裁判員たちが集まり議論をする。妙なことをきいてすまなかったと詫びる声に、言いたいこと言えて良かったんじゃないかという。ホテルに泊まれというのはさすがに酷いんじゃないかという声には、母親ってそういうこというものだという意見。そして姑のいうことも一理ある、被告人は子育てが下手だったわけだし、それを人のせいにして追い詰められたと言われてもという疑問の声が出る。里沙子は姑のいうことはわかるが、掃除は姑が来るからしていたのかもしれないし、息子の言うことばかりきいてかばって、二人で誤解していたとしたらと意見を言う。
しかし、別の裁判員は子育てに手が回らないから来てもらうわけであって、手が回らないなら回らないといえばいい、事前に掃除すること自体見得だと。困った里沙子は隣の六実を見る。すると心神耗弱状態だったとしても被害妄想すぎる、夫や姑は良かれと思ってしたことを悪く取りすぎていると答えるのだった。

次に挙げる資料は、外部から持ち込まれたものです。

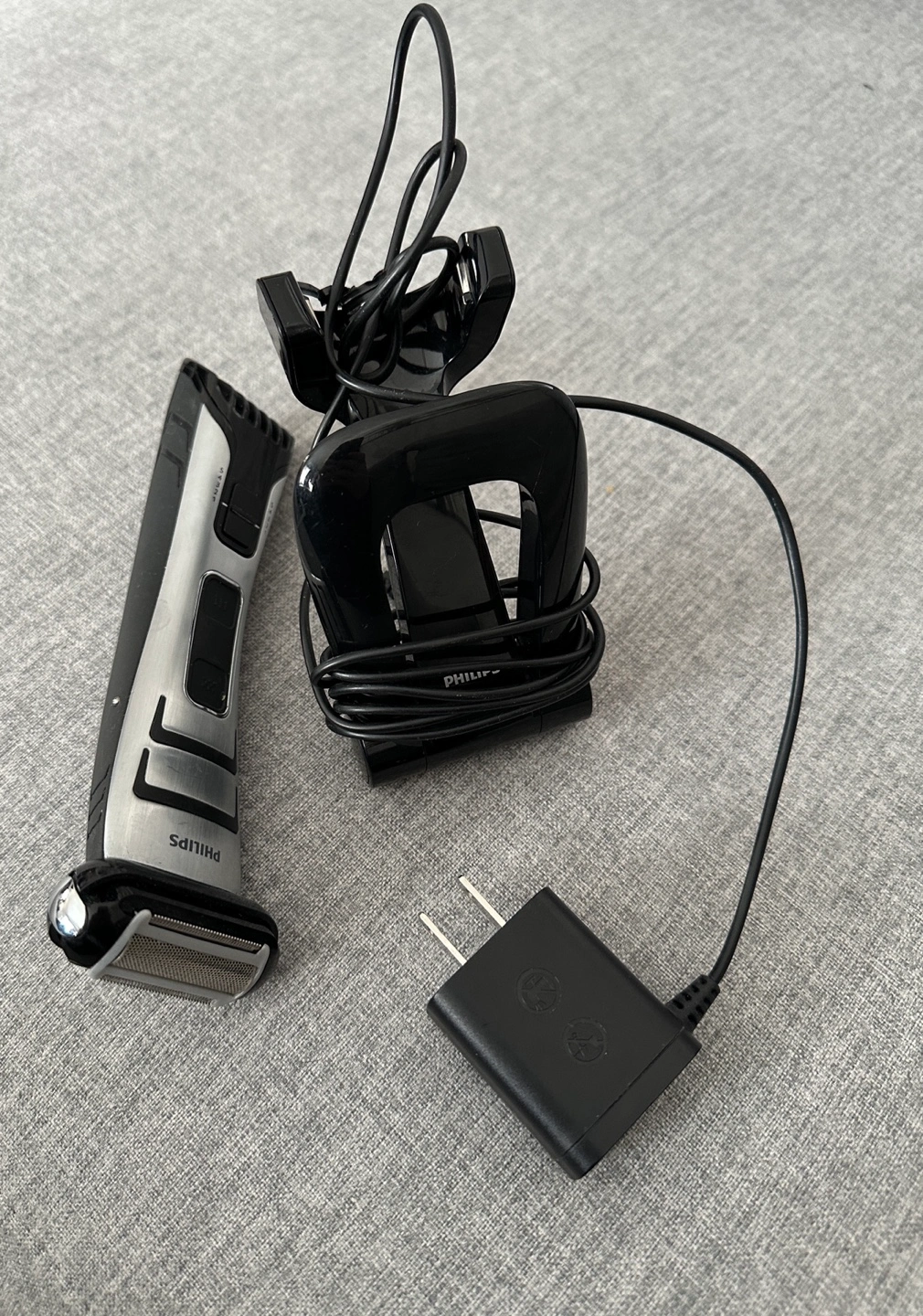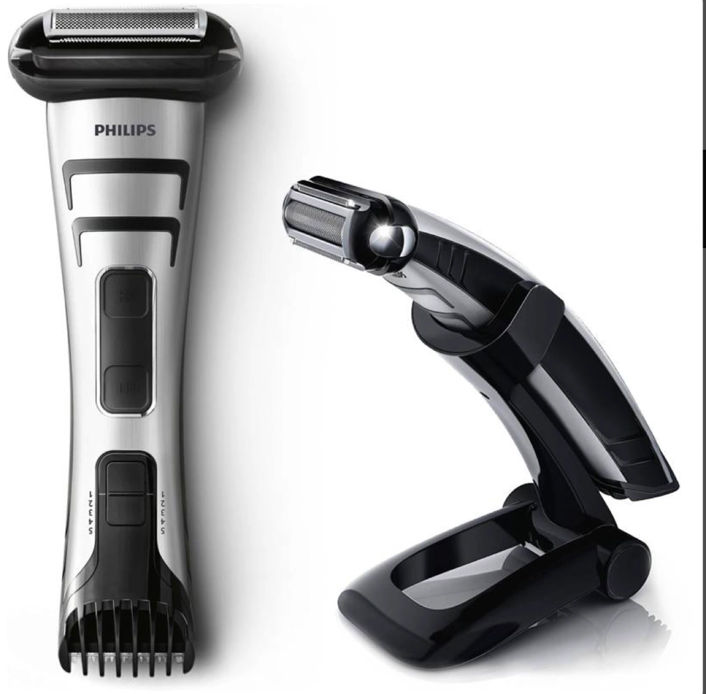 Excellent condition. Ultimate body grooming system for men, trims & shaves all body zones. Features Rechargeable bodygroom system with pivoting head for a close shave Use Wet or Dry - 100% waterproof Designed to safely shave and trim all body zones Perfect for: chest and abs, underarms, groin area, legs, back and shoulders Easy to clean - rinses under running tap water Automatic universal voltage (100-240V) 8 hour charging time for up to 50 minutes of use High performance trimmer with 5 integrated length settings 3-11 mm Maintenance-free blade requires no lubrication Hypoallergenic foil protects against nicks and cuts Includes convenient store and charge stand

義母の家に娘を迎えに行く里沙子、娘は相変わらず食べ物で遊んでいた。遊ばせないように注意をして欲しい、家ではやらなくなったのだからと義母にいう。しかし義母は疲れているのね、母親がイライラすると子供もわかるのよと、取り合ってもらえない。挙句、孫は家に来てのびのびしているから、里沙子も気を楽にしろという。そしてまた里沙子にレシピを渡す義母だった。
話をしても取り合って貰えず憤る里沙子は、自宅に戻るなりもらったレシピをすぐに破ってゴミ箱に捨てる。しかし夫から電話が入り、会社の人を今から連れて帰るから何か簡単なものを作ってくれという。急なことに困る里沙子、食材もないと言っても義母からもらったレシピがあるだろうという夫。急いで破ったレシピをテープで貼り繋ぎ、慌ててスーパーへ食材を買いに走る。
料理を作っているそばから娘は本を読んで欲しいと言い出すが、今は手が放せず後にしろという里沙子。テーブルの上に用意した料理をつかみ、床に投げていく娘を見て、とうとう里沙子はキレてしまう。「食べ物で遊ぶなって何回言えばわかる!」と怒鳴ってしまう。すると泣き喚く娘、タイミング悪く夫が帰宅するのだった。
自己嫌悪から暗い部屋で膝を抱える里沙子の元に夫が来る。君が平気だというからこれぐらい大丈夫だと思った、気づいてやれずに悪かったと詫びる夫だった。
次の日、朝から夫と娘は義母の家に向かう。里沙子は自宅で一人、悠々自適な時間を過ごす。買って来た惣菜を食べながらビールを飲む、そんな時間を過ごしていた。知らぬ間に眠ってしまう里沙子、不意に起きると慌てて家事をしようとするが、直ぐまた横になって時間を過ごすのだった。